## What you will do
Everything in the records must be restated exactly, apart from the pictures.
===============
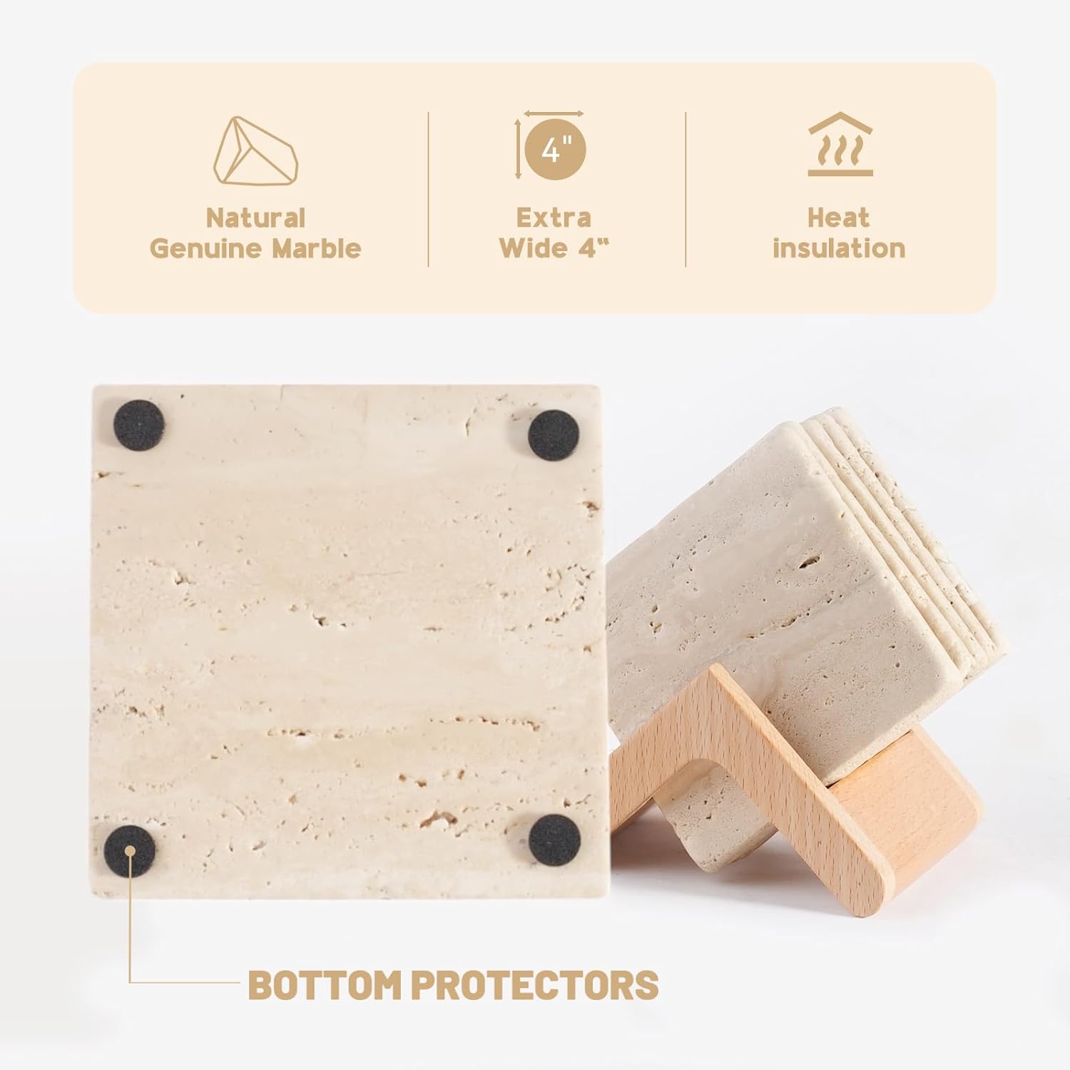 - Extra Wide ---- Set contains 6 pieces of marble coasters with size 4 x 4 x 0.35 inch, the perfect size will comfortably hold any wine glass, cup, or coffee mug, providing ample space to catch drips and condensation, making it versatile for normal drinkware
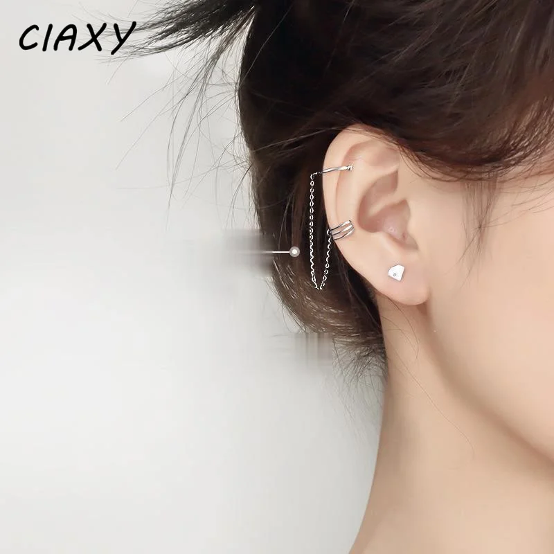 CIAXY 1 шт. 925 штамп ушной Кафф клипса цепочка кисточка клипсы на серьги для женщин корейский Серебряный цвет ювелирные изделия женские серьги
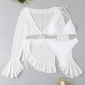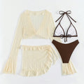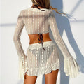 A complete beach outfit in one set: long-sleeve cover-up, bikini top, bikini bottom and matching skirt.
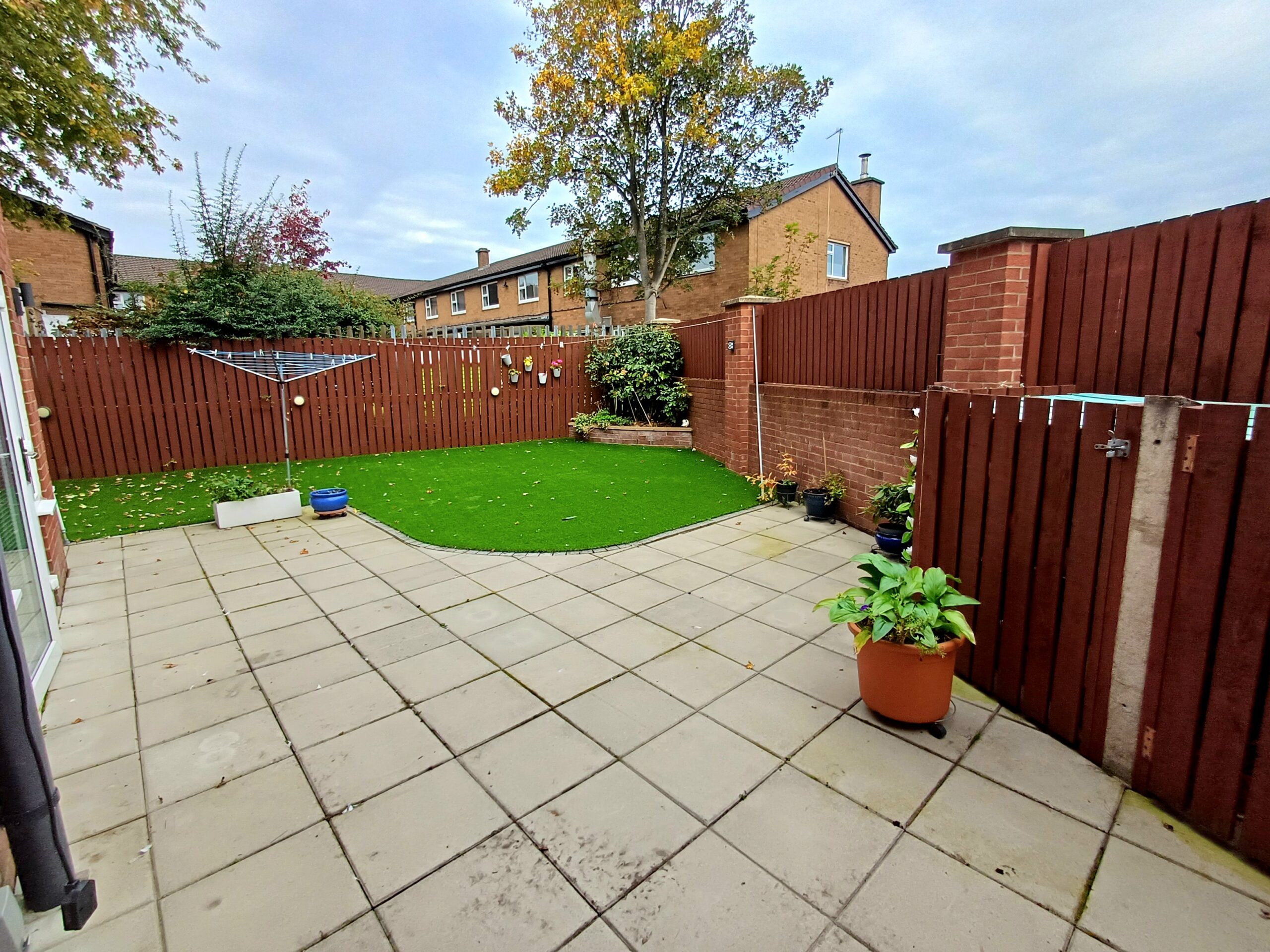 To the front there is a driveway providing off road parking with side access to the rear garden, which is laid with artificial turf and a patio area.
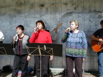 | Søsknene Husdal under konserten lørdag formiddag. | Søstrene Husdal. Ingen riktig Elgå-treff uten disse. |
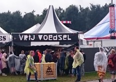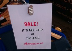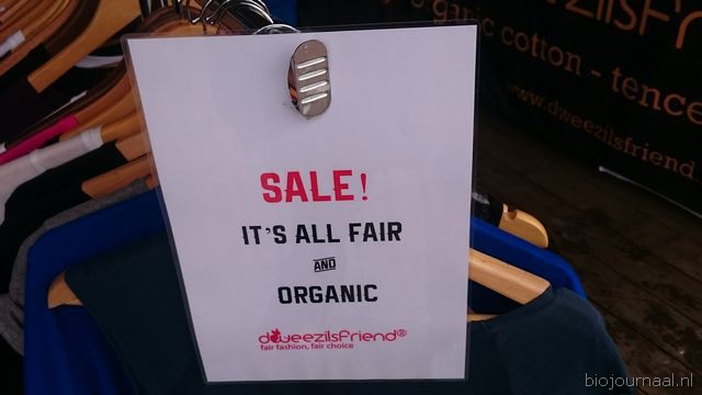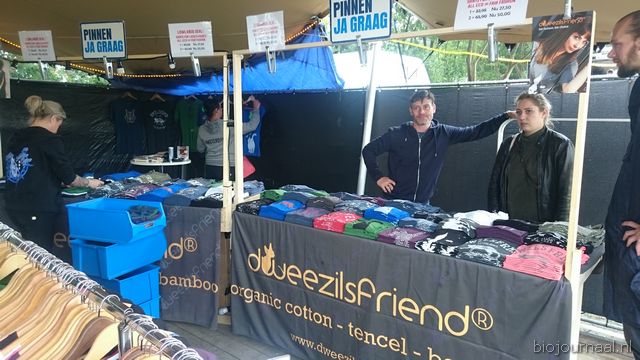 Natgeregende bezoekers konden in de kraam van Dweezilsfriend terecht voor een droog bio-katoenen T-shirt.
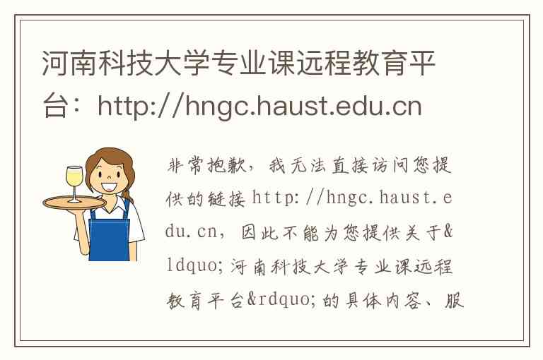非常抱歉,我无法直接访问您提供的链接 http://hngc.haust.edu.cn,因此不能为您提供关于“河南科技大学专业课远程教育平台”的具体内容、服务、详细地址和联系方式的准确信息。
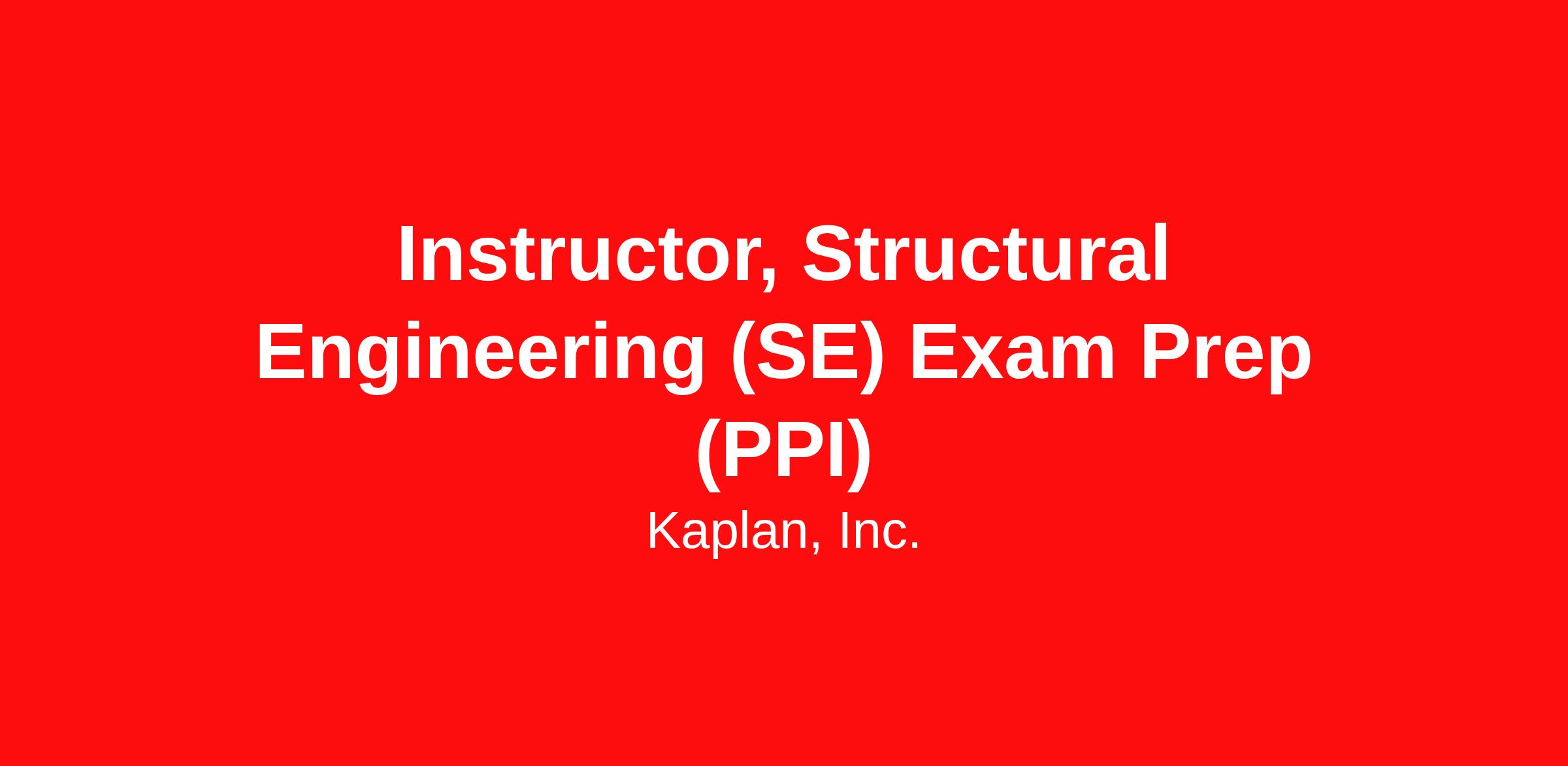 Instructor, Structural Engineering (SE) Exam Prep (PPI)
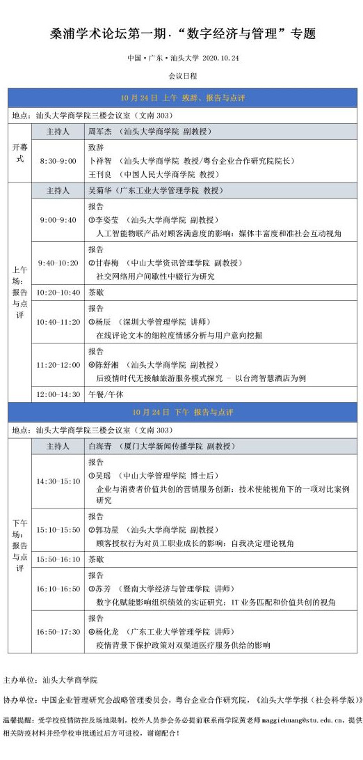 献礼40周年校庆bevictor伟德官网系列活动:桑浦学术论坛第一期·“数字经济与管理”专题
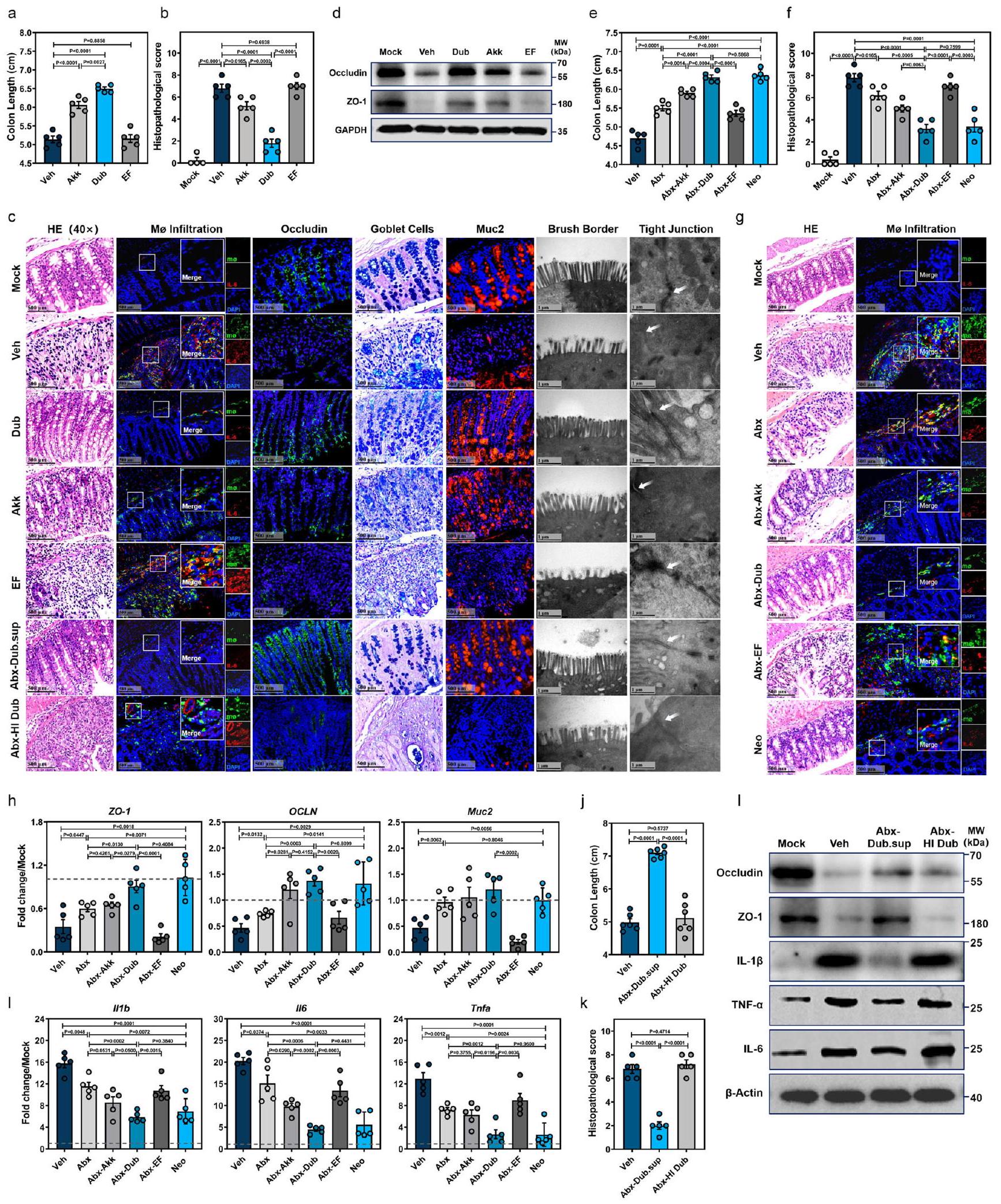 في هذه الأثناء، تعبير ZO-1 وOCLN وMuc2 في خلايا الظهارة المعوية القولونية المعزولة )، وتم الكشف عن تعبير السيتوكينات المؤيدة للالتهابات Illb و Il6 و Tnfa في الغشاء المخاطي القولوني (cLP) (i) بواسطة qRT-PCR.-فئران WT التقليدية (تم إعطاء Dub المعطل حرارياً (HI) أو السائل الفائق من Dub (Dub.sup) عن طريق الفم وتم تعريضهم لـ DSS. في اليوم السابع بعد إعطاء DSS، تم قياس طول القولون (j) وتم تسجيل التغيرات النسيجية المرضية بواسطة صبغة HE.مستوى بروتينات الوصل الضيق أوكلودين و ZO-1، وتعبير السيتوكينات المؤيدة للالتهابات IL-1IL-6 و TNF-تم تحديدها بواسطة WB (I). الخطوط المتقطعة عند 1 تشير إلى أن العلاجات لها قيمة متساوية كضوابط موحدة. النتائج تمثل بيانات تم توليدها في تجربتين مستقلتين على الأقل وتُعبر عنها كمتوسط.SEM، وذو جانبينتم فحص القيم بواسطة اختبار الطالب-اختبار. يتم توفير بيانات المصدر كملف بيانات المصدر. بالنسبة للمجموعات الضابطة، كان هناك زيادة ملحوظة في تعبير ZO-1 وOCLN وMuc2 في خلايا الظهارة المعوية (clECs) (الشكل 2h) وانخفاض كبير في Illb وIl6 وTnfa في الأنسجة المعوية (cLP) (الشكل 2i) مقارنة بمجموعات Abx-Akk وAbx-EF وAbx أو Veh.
===============
## Exercise result
 - Extra Wide ---- Set contains 6 pieces of marble coasters with size 4 x 4 x 0.35 inch, the perfect size will comfortably hold any wine glass, cup, or coffee mug, providing ample space to catch drips and condensation, making it versatile for normal drinkware
 CIAXY 1 шт. 925 штамп ушной Кафф клипса цепочка кисточка клипсы на серьги для женщин корейский Серебряный цвет ювелирные изделия женские серьги
 A complete beach outfit in one set: long-sleeve cover-up, bikini top, bikini bottom and matching skirt.
 To the front there is a driveway providing off road parking with side access to the rear garden, which is laid with artificial turf and a patio area.
 | Søsknene Husdal under konserten lørdag formiddag. | Søstrene Husdal. Ingen riktig Elgå-treff uten disse. |
 Natgeregende bezoekers konden in de kraam van Dweezilsfriend terecht voor een droog bio-katoenen T-shirt.
非常抱歉,我无法直接访问您提供的链接 http://hngc.haust.edu.cn,因此不能为您提供关于“河南科技大学专业课远程教育平台”的具体内容、服务、详细地址和联系方式的准确信息。
 Instructor, Structural Engineering (SE) Exam Prep (PPI)
 献礼40周年校庆bevictor伟德官网系列活动:桑浦学术论坛第一期·“数字经济与管理”专题
 في هذه الأثناء، تعبير ZO-1 وOCLN وMuc2 في خلايا الظهارة المعوية القولونية المعزولة )، وتم الكشف عن تعبير السيتوكينات المؤيدة للالتهابات Illb و Il6 و Tnfa في الغشاء المخاطي القولوني (cLP) (i) بواسطة qRT-PCR.-فئران WT التقليدية (تم إعطاء Dub المعطل حرارياً (HI) أو السائل الفائق من Dub (Dub.sup) عن طريق الفم وتم تعريضهم لـ DSS. في اليوم السابع بعد إعطاء DSS، تم قياس طول القولون (j) وتم تسجيل التغيرات النسيجية المرضية بواسطة صبغة HE.مستوى بروتينات الوصل الضيق أوكلودين و ZO-1، وتعبير السيتوكينات المؤيدة للالتهابات IL-1IL-6 و TNF-تم تحديدها بواسطة WB (I). الخطوط المتقطعة عند 1 تشير إلى أن العلاجات لها قيمة متساوية كضوابط موحدة. النتائج تمثل بيانات تم توليدها في تجربتين مستقلتين على الأقل وتُعبر عنها كمتوسط.SEM، وذو جانبينتم فحص القيم بواسطة اختبار الطالب-اختبار. يتم توفير بيانات المصدر كملف بيانات المصدر. بالنسبة للمجموعات الضابطة، كان هناك زيادة ملحوظة في تعبير ZO-1 وOCLN وMuc2 في خلايا الظهارة المعوية (clECs) (الشكل 2h) وانخفاض كبير في Illb وIl6 وTnfa في الأنسجة المعوية (cLP) (الشكل 2i) مقارنة بمجموعات Abx-Akk وAbx-EF وAbx أو Veh.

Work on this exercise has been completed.